I walked down the railway tracks a couple of kilometres and into the bush to Antoine's house. I guess he's the closest thing I got to a
moshom
. Both my parents' fathers are dead a long time. Antoine Hookimaw. Antoine the Boss. He's not the boss of anyone but himself, that's just how his name translates from the Cree. Antoine once told me about how names were given to the Indians by Hudson's Bay Company traders when they first came around.

“Those traders, they couldn't pronounce any of our names,” Antoine said. “Those traders, lots of Scottish, they treated us like we were
awasheeshuk
with dirty diapers, but they had a sense of humour, some of them. So when they asked my grandfather to give himself a name they could pronounce, he told them Hookimaw. Everyone on the reserve got a good laugh out of these Scottish calling the little Indian who brought them furs ‘boss.'”

Antoine's at home, cooking bannock on his wood-stove and talking to himself. He's ancient-looking and smells of
smoke and his eyebrows are bushy enough to nest whisky-jacks. Whenever I visit him, he tells me about last night's dreams as he boils us water for tea.

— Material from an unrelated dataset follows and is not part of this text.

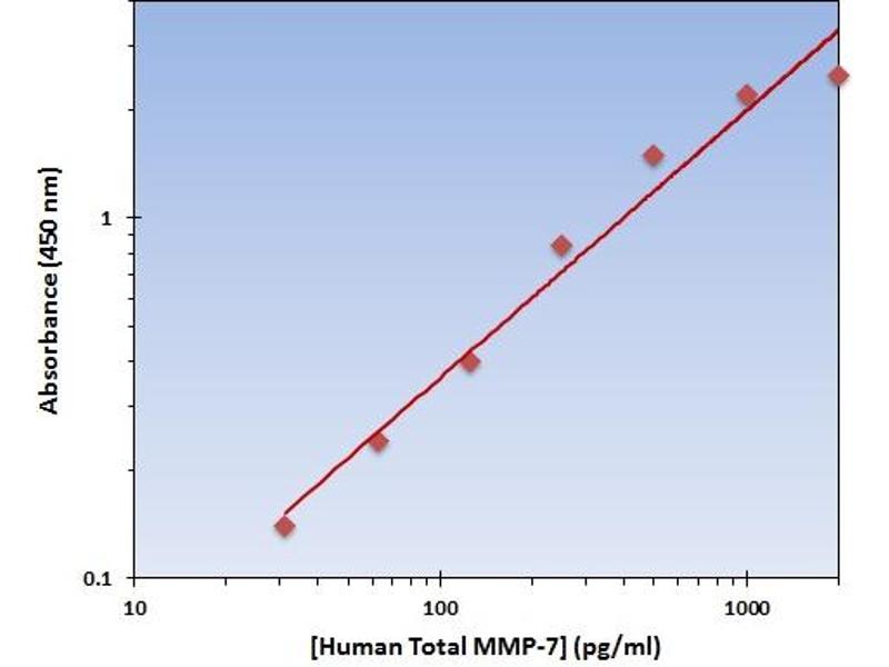 - The OmniKine? Human Total MMP-7 ELISA Kit contains the components necessary for quantitative determination of natural or recombinant Human Total MMP-7 concentrations within any experimental sample including cell lysates, serum and plasma. This particular immunoassay utilizes the quantitative technique of a "Sandwich" Enzyme- Linked Immunosorbent Assay (ELISA) where the target protein (antigen) is bound in a "sandwich" format by the primary capture antibodies coated to each well-bottom and the secondary detection antibodies added subsequently by the investigator. The capture antibodies coated to the bottom of each well are specific for a particular epitope on Human Total MMP-7 while the user-added detection antibodies bind to epitopes on the captured target protein. Amid each step of the procedure, a series of wash steps must be performed to ensure the elimination of non-specific binding between proteins to other proteins or to the solid phase. After incubation and "sandwiching" of the target antigen, a peroxidase enzyme is conjugated to the constant heavy chain of the secondary antibody (either covalently or via Avidin/Streptavidin-Biotin interactions), allowing for a colorimetric reaction to ensue upon substrate addition. When the substrate TMB (3, 3', 5, 5'-Tetramethylbenzidine) is added, the reaction catalyzed by peroxidase yields a blue color that is representative of the antigen concentration. Upon sufficient color development, the reaction can be terminated through addition of Stop Solution (2 N Sulfuric Acid) where the color of the solution will turn yellow. The absorbance of each well can then be read by a spectrophotometer, allowing for generation of a standard curve and subsequent determination of protein concentration.

His parents and his wife and two of his sons who are dead now come talk to him all the time when he is sleeping. They tell him how their day was and scold him for not eating right or for his rare habit of going on a bender for a couple of days, drinking bottle after bottle of Cold Duck. Antoine's father retells stories of how he and Antoine's grandfather used to live in the bush for weeks at a time, trapping beaver and lynx and hare. His father talks to Antoine only in Cree and his sons talk to him only in English, so there are many times I have to explain expressions his sons have used the night before, the best I can translate them into Cree.